Scripting: We can write down a sequence of commands to perform particular tasks or analyses;
when working with genomic data, a task usually takes minues, sometimes hours or even days – it’s no fun to sit and wait in front of your computer this long just for a moust-click to initiate the next task.

Powerful Tools: In UNIX, powerful tools are available that enable you to work through large amounts of files, data, and tasks quite quickly and in an automated (that is, programmatic) way.

Easy remote access: In most cases, it is not possible anymore to deal with genomic data on a desktop computer. You will usually run analyses on clusters at high performance computing facilities at your university, or – like in this course – on the Amazon cluster.
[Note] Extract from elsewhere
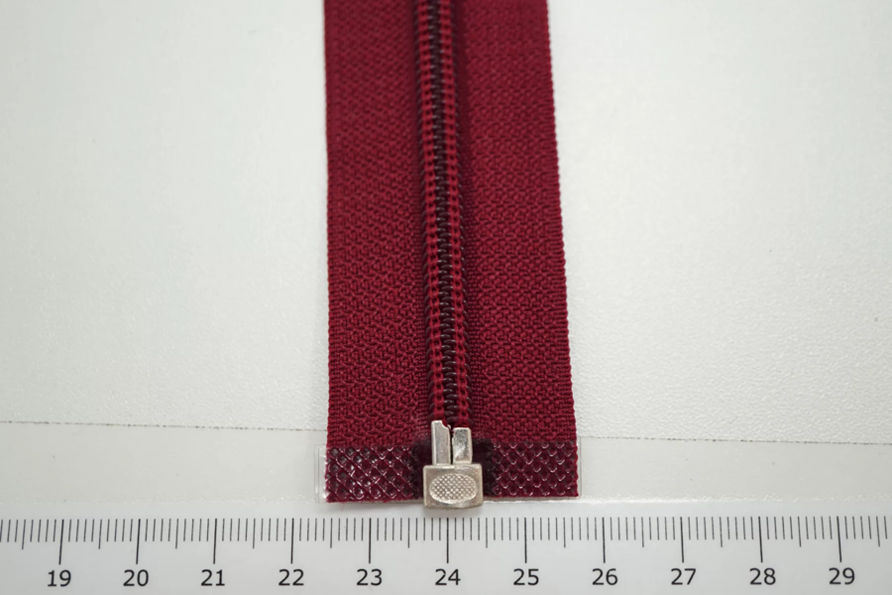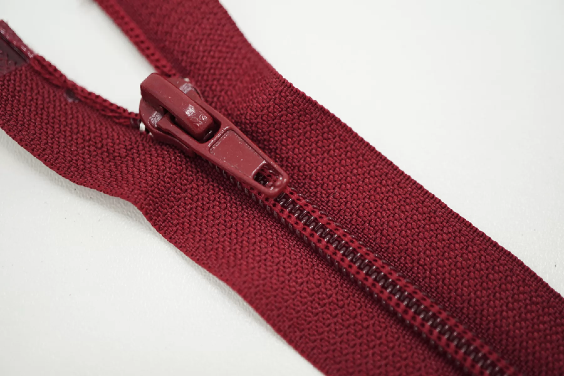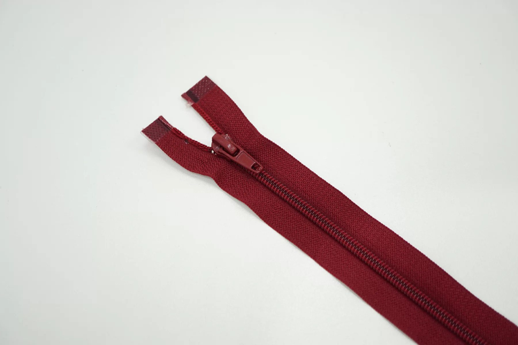 Молния спиральная однозамковая, разъёмная, вишневого цвета. Длина 44 см.

A GUI (Graphical User Interface) is not available for many programs: Genomics is a fast evolving field and developing a graphical interface takes time and effort.
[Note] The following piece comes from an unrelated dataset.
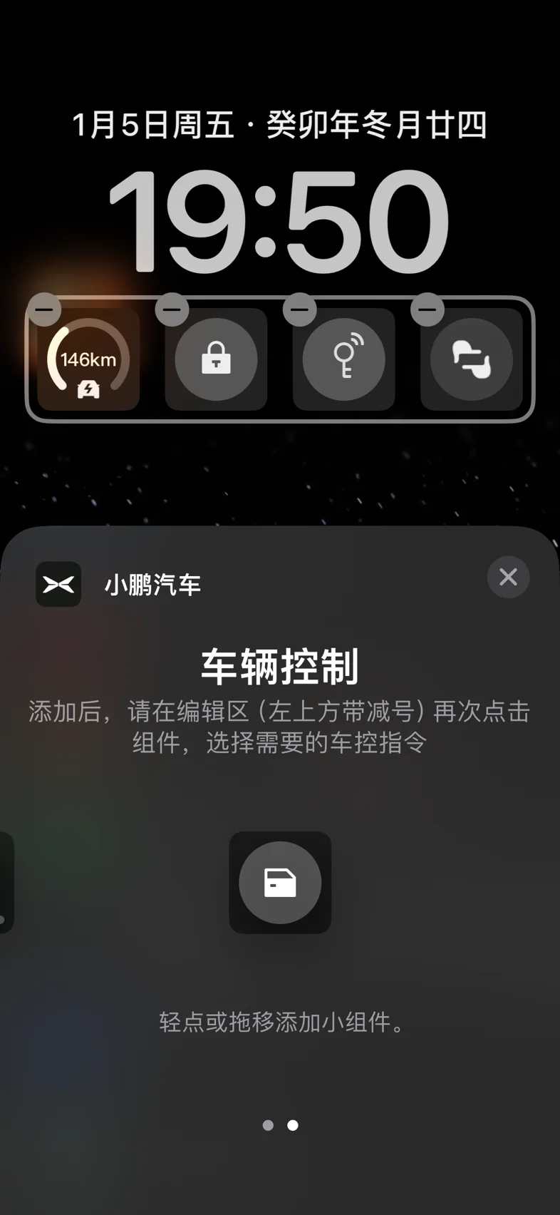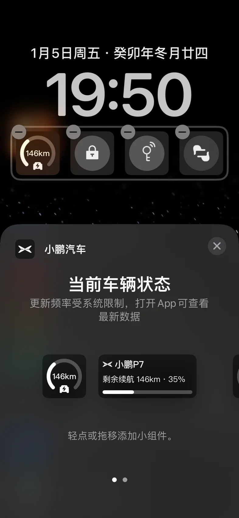 第二个就是这次小鹏汽车app的更新重点,车辆控制的锁屏小组件

Compatibility: The terminal can (remotely) be accessed with computers running on different operating systems

Basic syntax of shell commands

UNIX or shell commands have a basic structure of:
command -options target
The command comes first (such as cd or ls as we will see later) then any options (always proceeded by a – and also called flags) and then the target (such as the file to
move or the directory to list). These commands are written on the prompt (terminal command line).

How to do this activity

Questions or tasks are indicated with Q .
All text in red underlined with gray color indicates commands that you can type or copy to the terminal.
If you get stuck, check the answer-box:

Show me the answer!

Oh no, only if you get stuck!! First try to find the answer yourself!



Table of contents



1) Find your keys!

There are some keys that are used a lot in UNIX commands but can be difficult to find on some keyboards.
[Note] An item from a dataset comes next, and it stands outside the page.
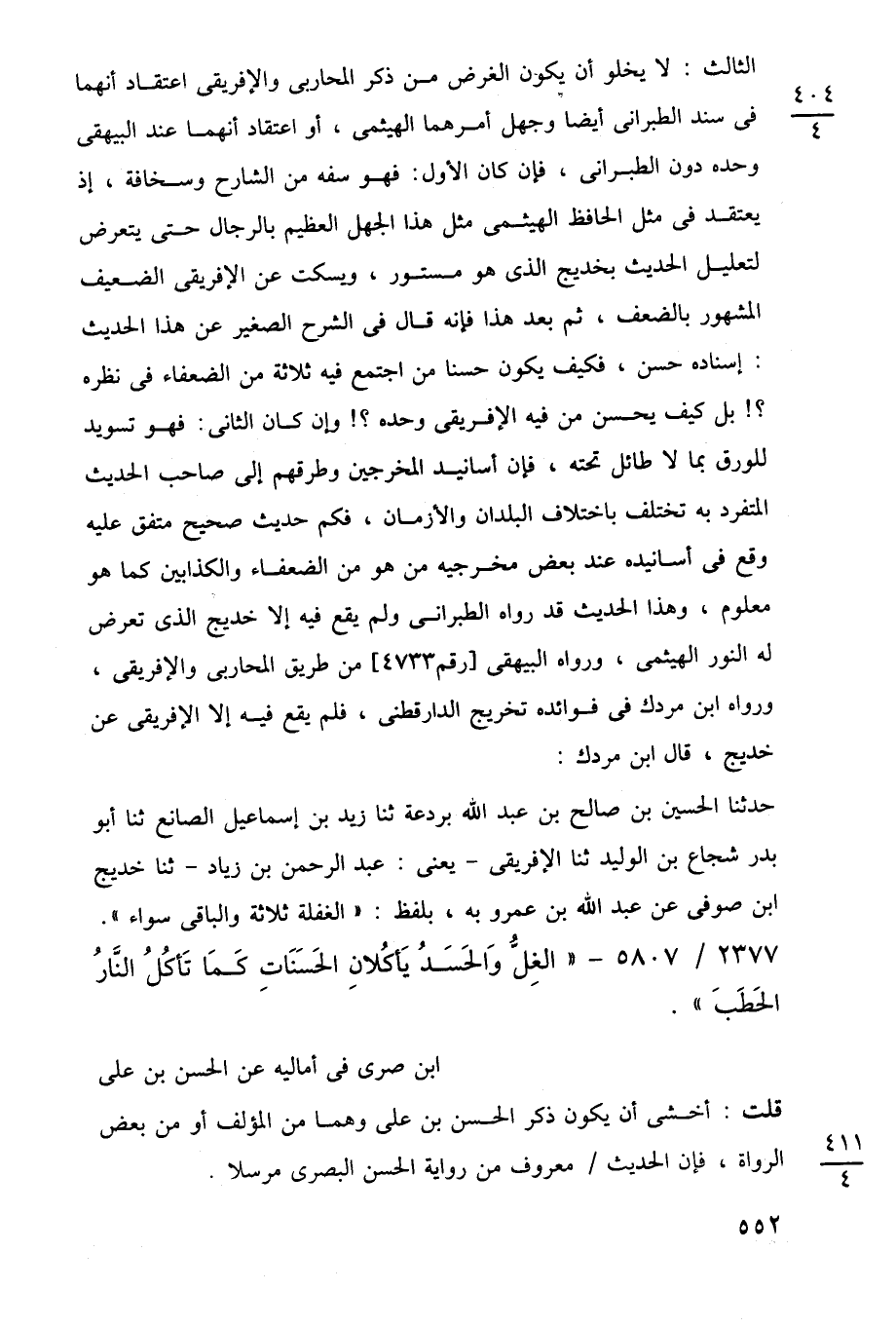 الثالث: لا يخلو أن يكون الغرض من ذكر المحاربى والإفريقى اعتقاد أنهما في سند الطبرانى أيضًا وجهل أمرهما الهيثمى، أو اعتقاد أنهما عند البيهقى وحده دون الطبرانى، فإن كان الأول: فهو سفه من الشارح وسخافة، إذ يعتقد في مثل الحافظ الهيثمى مثل هذا الجهل العظيم بالرجال حتى يتعرض لتعليل الحديث بخديج الذي هو مستور، ويسكت عن الإفريقى الضعيف المشهور بالضعف، ثم بعد هذا فإنه قال في الشرح الصغير عن هذا الحديث: إسناده حسن، فكيف يكون حسنًا من اجتمع فيه ثلاثة من الضعفاء في نظره؟! بل كيف يحسن من فيه الإفريقى وحده؟! وإن كان الثانى: فهو تسويد للورق بما لا طائل تحته، فإن أسانيد المخرجين وطرقهم إلى صاحب الحديث المتفرد به تختلف باختلاف البلدان والأزمان، فكم حديث صحيح متفق عليه وقع في أسانيده عند بعض مخرجيه من هو من الضعفاء والكذابين كما هو معلوم، وهذا الحديث قد رواه الطبرانى ولم يقع فيه إلا خديج الذي تعرض له النور الهيثمى، ورواه البيهقى [رقم 4733] من طريق المحاربى والإفريقى، ورواه ابن مردك في فوائده تخريج الدارقطنى، فلم يقع فيه إلا الإفريقى عن خديج، قال ابن مردك:

Q Open a text editor and type the following keys:

~ tilda

/ forward slash

\ back slash or escape

| vertical bar or pipe

# hash or number or gate sign

$ dollar sign

* asterisk

single quote

" double quote

` backtick

ctrl c The panic button: If you are running a process or program and it is stuck or doing something you don’t
want it to do: then hold control and press c. This will kill the current process and return you to your prompt.



2) Getting help

A UNIX cheat sheet like this one here might be helpful as a reference.
Also, never forget that Google is your best friend!
Most UNIX commands and many other programs have help pages accessed through: command_name --help, or command_name -h, which also describe different ways to run a program.
Most programs also have a more exhausive manual page accessed by typing man command_name.

Q Access the bcftools help page.

Show me the answer!

if you haven’t done it yet, open a terminal window and login to your wpsg account using ssh
bcftools --help

Q What do the cp and vi commands do?

Show me the answer!

man cp: copy files
man vi: Vi IMproved, a programmers text editor
To exit the man page press q


3) Navigation I

A computer file system is laid out as a hierarchical multifurcating tree structure. This may sound confusing but it is easy to think of it as boxes of boxes where each box is a directory.
There is one big box called the root. All other boxes are contained in this one big box. Boxes have labels such as ‘Users’ or ‘Applications’. Each box may contain more boxes (like Desktop or Downloads or Work) or files (like ‘file1.txt’ or ‘draft.docx’)
Thus it is hierarchical (boxes in boxes), multifurcating (each box can contain multiple boxes or files) tree structure (similar to how a tree has branches and leaves).

directoryStruct

There are two ways to refer to directories and their positions in this hierarchy and relationship to other directories: absolute and relative paths:

A) Absolute path
The absolute path is the list of all directories starting from the root that lead to the current directory. Directories are separated using a /.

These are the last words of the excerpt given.